The resulting plot in Figure 1.1 shows the regression line regx and the data x as circles. The regression line has a negative slope. We can conclude that (on average) the number of sold pullovers decreases if the price of the pullover increases. However, this result may be influenced by the two extreme observations in the upper right and lower right of the figure. XploRe can easily identify such ``outliers''. For example, the instruction

  x=paf(x,(100<x[,2])&&(x[,2]<200))
would only keep those lines of x where the sales observation is above 100 and below 200. You could now redo the previous regression in order to see how the regression line changes.


1.1.5 Printing Graphics

XploRe offers several ways to produce quality graphics for publication. You can modify the objects in a plot (point and line style, title and axes labels) and finally save the graphical display in different file formats.

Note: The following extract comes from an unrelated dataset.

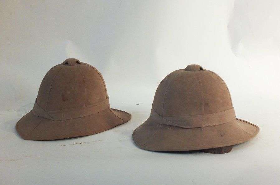 Lot de 2 casques coloniaux britanniques, recouverts de toile cachou. Coiff

Let's continue with the regression example from the previous subsection. We can improve the graphic by several graphic tools. For example,

  x=setmask(x,"large","blue","cross")
  plot(x)
  setgopt(plotdisplay,1,1,"xlabel","price","ylabel","sales")
will show the data points as blue crosses and the axes labels with the appropriate names of the variables. We can set a title for the display in the same way:
  setgopt(plotdisplay,1,1,"title","Pullover Data")
The final plot is shown in Figure 1.2.

Figure 1.2: Final regression plot.
\includegraphics[scale=0.8]{appplot2}

Graphical displays can be printed or saved to a file. If you click on the display plotdisplay, the Print menu will appear in the menu bar of XploRe . This menu offers three choices: to Printer prints the display directly on your default printer, to Bitmap file ... saves the display to a Windows Bitmap file, to PostScript file ... saves the display to a PostScript file. The two latter menu items open a file manager box, where you can enter the file name. Here you see the resulting PostScript plot:

\includegraphics[scale=0.425]{appplot3}

PostScript files can also be printed by an XploRe instruction:

  print(plotdisplay,"Plot1.ps")
will save the display plotdisplay into the file Plot1.ps.